• [DATA SHOWN]
○ ○ ○ ○

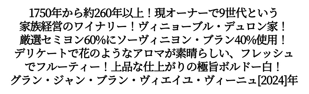 【商品説明】フランス・ボルドー・辛口白ワイン愛好家大注目!AOCボルドーの規格をクリアーしたお買い得!ボルドー辛口白ワイン!しかもジルベール&ガイヤール2025金賞受賞ワイン!しかも造り手は、1750年から約260年以上!現オーナーで9世代という家族経営のワイナリーのヴィニョーブル・デュロン家のシャトー元詰ワイン!粘土石灰質土壌の平均樹齢25年のサステナブル農法の古樹V.Vの厳選セミヨン60%にソーヴィニヨン・ブラン40%をステンレスタンクにて4カ月シュール・リー熟成で造られる極旨ボルドー辛口白ワイン!色調は美しく透明感のある淡い黄色!デリケートで花のようなアロマが素晴らしい、フレッシュでフルーティな辛口白ワイン!上品な仕上がりの極旨ボルドー・ブランが限定で少量入荷!
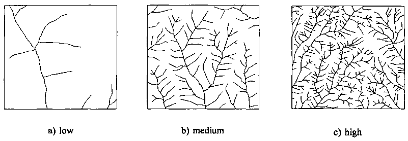 The dominant slope is the most important differentiating criterion for the major landforms, followed by relief intensity. Landforms are further described by their regional slope, hypsometry and the degree of dissection. SOTER uses the drainage density as a qualitative measure of the degree of dissection. The drainage density is defined as the total length of drainage channels per unit area of land, expressed as km x km-2. Three classes are defined as illustrated in Figure 3.
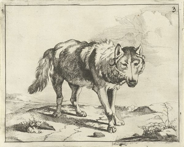 This is Antonio Tempesta's "Bever", an engraving made sometime between 1575 and 1630. Notice how Tempesta's use of line dominates the image. The density and direction of these lines create textures that define the beaver's fur, the scales on its tail, and the vegetation underfoot. The beaver's pose is striking; it’s caught mid-action, mouth open, seemingly caught between aggression and defense. What does this choice tell us? Consider the era in which this image was made. Natural history was intertwined with moral lessons, and animals often symbolized human traits. The beaver, known for its industriousness, might be seen as an emblem of diligence, or perhaps its territorial stance represents vigilance. The formal choices—the dynamic pose, the intricate linework—elevate the animal beyond mere representation. Tempesta uses these elements to suggest a broader narrative, inviting us to contemplate the beaver's place in the natural order and its symbolic role in human understanding.
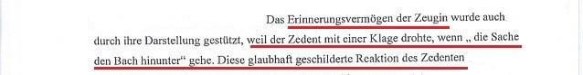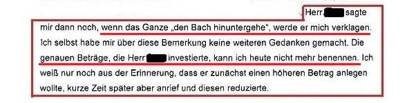 Doch in dem oben gezeigten Auszug der protokollierten Zeugenaussage heißt es: Die genauen Beträge, die der Zedent investierte, kann ich heute nicht mehr benennen

○ ○ ○ ○

Please print the listing above again word for word, without its pictures.

• [EXERCISE RESPONSE]
 【商品説明】フランス・ボルドー・辛口白ワイン愛好家大注目!AOCボルドーの規格をクリアーしたお買い得!ボルドー辛口白ワイン!しかもジルベール&ガイヤール2025金賞受賞ワイン!しかも造り手は、1750年から約260年以上!現オーナーで9世代という家族経営のワイナリーのヴィニョーブル・デュロン家のシャトー元詰ワイン!粘土石灰質土壌の平均樹齢25年のサステナブル農法の古樹V.Vの厳選セミヨン60%にソーヴィニヨン・ブラン40%をステンレスタンクにて4カ月シュール・リー熟成で造られる極旨ボルドー辛口白ワイン!色調は美しく透明感のある淡い黄色!デリケートで花のようなアロマが素晴らしい、フレッシュでフルーティな辛口白ワイン!上品な仕上がりの極旨ボルドー・ブランが限定で少量入荷!
 The dominant slope is the most important differentiating criterion for the major landforms, followed by relief intensity. Landforms are further described by their regional slope, hypsometry and the degree of dissection. SOTER uses the drainage density as a qualitative measure of the degree of dissection. The drainage density is defined as the total length of drainage channels per unit area of land, expressed as km x km-2. Three classes are defined as illustrated in Figure 3.
 This is Antonio Tempesta's "Bever", an engraving made sometime between 1575 and 1630. Notice how Tempesta's use of line dominates the image. The density and direction of these lines create textures that define the beaver's fur, the scales on its tail, and the vegetation underfoot. The beaver's pose is striking; it’s caught mid-action, mouth open, seemingly caught between aggression and defense. What does this choice tell us? Consider the era in which this image was made. Natural history was intertwined with moral lessons, and animals often symbolized human traits. The beaver, known for its industriousness, might be seen as an emblem of diligence, or perhaps its territorial stance represents vigilance. The formal choices—the dynamic pose, the intricate linework—elevate the animal beyond mere representation. Tempesta uses these elements to suggest a broader narrative, inviting us to contemplate the beaver's place in the natural order and its symbolic role in human understanding.
 Doch in dem oben gezeigten Auszug der protokollierten Zeugenaussage heißt es: Die genauen Beträge, die der Zedent investierte, kann ich heute nicht mehr benennen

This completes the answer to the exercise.